Capital Expenditures

           The Company used $259,588 for capital expenditures during the six
months ended June 30, 2000, as compared to $172,811 in the similar period last
year. These expenditures were primarily for equipment acquired for internal uses
such as vehicles, office furniture, computer systems and demonstration systems.

IMPACT OF YEAR 2000

           The Company has experienced no significant system problems since
January 1, 2000. In addition, the Company is not aware of any material problems
being experienced by its suppliers and business partners. The Company believes
it has adequately addressed the Year 2000 issue related to its internal systems
and that it did not and will not have a material impact on its business,
financial condition or its results of operations.


ITEM 3. QUANTITIVE AND QUALITIVE DISCLOSURE ABOUT MARKET RISK

           Vicom is not subject to any material interest rate risk as any
current lending agreements are at a fixed rate of interest.

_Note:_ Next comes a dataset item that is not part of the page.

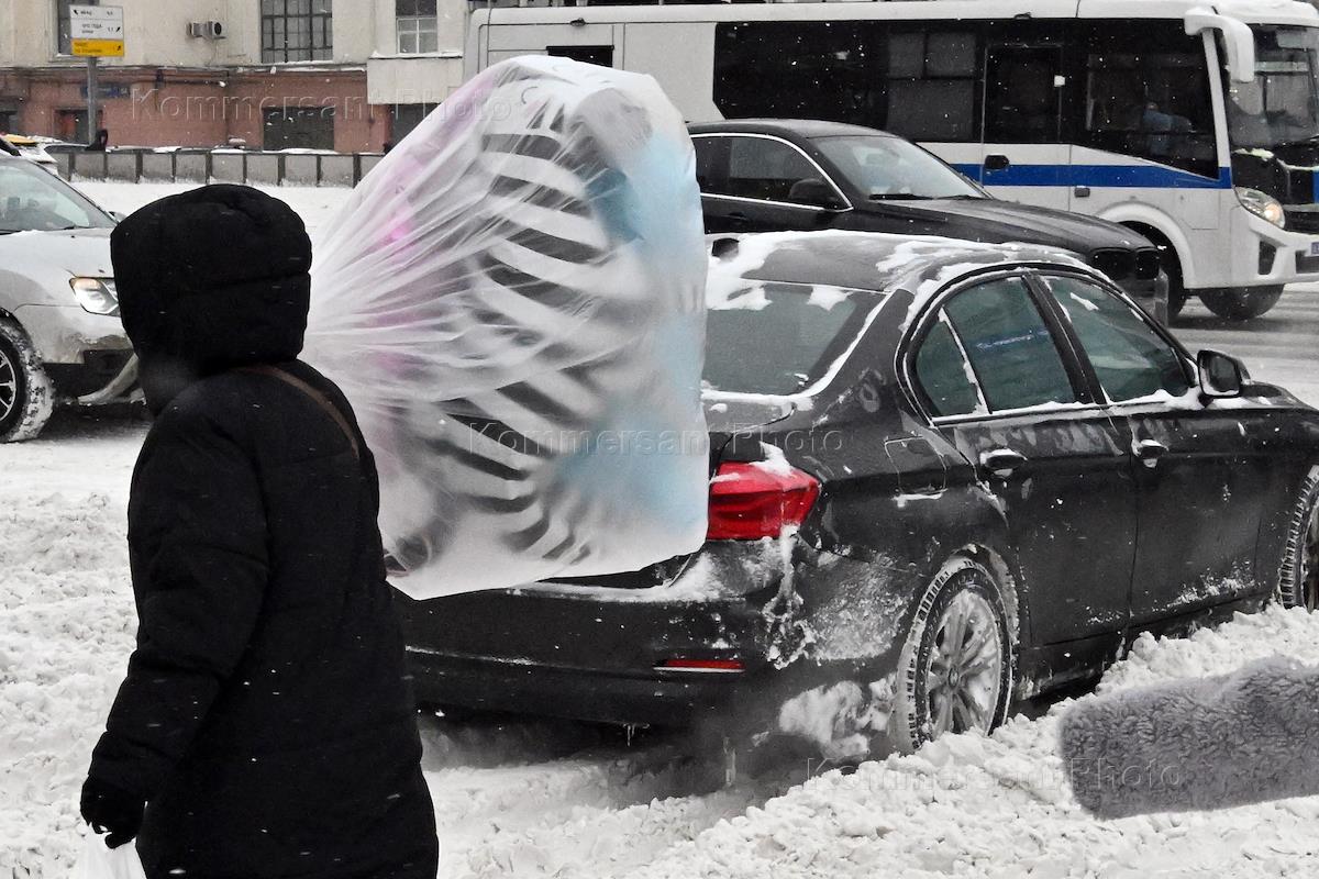 Виды Москвы во время снегопада. Жанровая фотография. Водитель в заснеженном автомобиле.

                                    7

<PAGE>

PART II.   OTHER INFORMATION

ITEM 4.              SUBMISSION OF MATTERS TO A VOTE OF SECURITY HOLDERS

           None.

ITEM 5.              LEGAL PROCEEDINGS

           As of June 30, 2000, Vicom was not engaged in any material pending
legal proceedings.

ITEM 6.              EXHIBITS AND REPORTS ON FORM 8-K

(a)        Exhibits

           27

(b)        Reports on Form 8-K.

           None.


                                   SIGNATURES

           Pursuant to the requirements of the Securities Exchange Act of 1934,
the registrant has duly caused this report to be signed on its behalf by the
undersigned thereunto duly authorized.

                                        Vicom, Inc.
                                        Registrant

           Date:  August 14, 2000       By  /s/  James L. Mandel
                                                 James L. Mandel
                                                 Chief Executive Officer

           Date:  August 14, 2000       By  /s/  Steven M. Bell
                                                 Steven M. Bell
                                                 Chief Financial Officer
                                                 (Principal Financial and
                                                 Accounting Officer)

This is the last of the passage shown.